— Aim of the task —
Each line from the top of the listing through the one holding "saladier d'eau froide." should be restated word for word, with nothing added and no pictures.

— Dataset extract —
==================================================

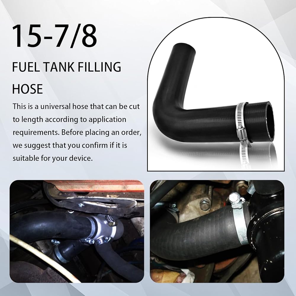 Include 1 fuel tank filler neck hoses with 4 hose clamps made out of stainless steel.Temperature Range: -40 °F to + 212 °F
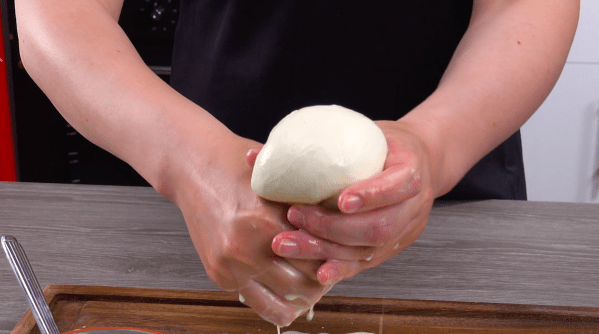 • Formez un cercle avec vos mains et placez la ricotta au centre. Couvrez ensuite la farce avec la mozzarella maison et pressez le tout pour former une boule. Laissez refroidir dans un saladier d'eau froide.
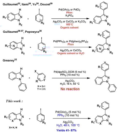 1H-indazoles and 2H-indazoles have widespread utility as highly bioactive molecules [28]. For such reasons, various researchers were inspired to develop and optimize new methods for their synthesis and functionalization [29,30,31,32]. Recently, different research groups have investigated the C3 direct arylation of indazole, including our own. In 2012, our group [33] in parallel with the Itami group [34] developed, for the first time, conditions to realize the direct arylation of 1H-indazole series. The key of this success was the use of bidentate ligand (1,10-phenanthroline) with a high catalyst loading (10 to 20 mol%). Later, the reaction conditions have been optimized by the Yu group by reducing catalyst and ligand loading [35]. In this report, only one example of C3 arylation of 1H-7-azaindazole was reported using Pd(OAc)2 as a catalyst, and Phen as a ligand in toluene at 160 °C (Scheme 1). Very recently, our group [36,37] and later Popowycz’s [38] group reported independently that the C3 direct arylation of azaindazoles was feasible but using again 1,10-phenanthroline (Phen) as a crucial ligand in the case of 1H series for both 4-azaindazoles and 7-azaindazoles. In 2017, Doucet and his group reported a phosphine free C3 arylation of 2H-indazoles in dimethylacetamide DMA using 5 mol% of Pd(OAc)2 as catalyst at 150 °C [39]. We noticed in their report that the C3 direct arylation of 1H-indazole was feasible for the first time without the use of bidentate ligands by employing PdCl(C3H5)(dppb) as catalyst and KOAc as base in DMA at 150 °C. Nevertheless, the expected products were obtained in moderate to low yields, and the reaction was achieved in organic solvent. It is noteworthy that all the reported methods on C3 arylation of 1H-indazole discussed above were carried out in organic solvents and at high temperatures. In 2010, Greaney et al. [32] reported that 2-phenyl-2H-indazole could be directly arylated at the C3 position in high yields using aryl bromides as coupling partners on water in the presence of Pd(dppf)Cl2 (5 mol%) and Ph3P (10 mol%) as catalyst and ligand, respectively. Unfortunately, under these reaction conditions, the authors failed to achieve direct arylation on 1-phenyl-1H-indazole, yet they concluded that, in this case, the C3 position is non-reactive toward substitution.

==================================================

— Task solution —
 Include 1 fuel tank filler neck hoses with 4 hose clamps made out of stainless steel.Temperature Range: -40 °F to + 212 °F
 • Formez un cercle avec vos mains et placez la ricotta au centre. Couvrez ensuite la farce avec la mozzarella maison et pressez le tout pour former une boule. Laissez refroidir dans un saladier d'eau froide.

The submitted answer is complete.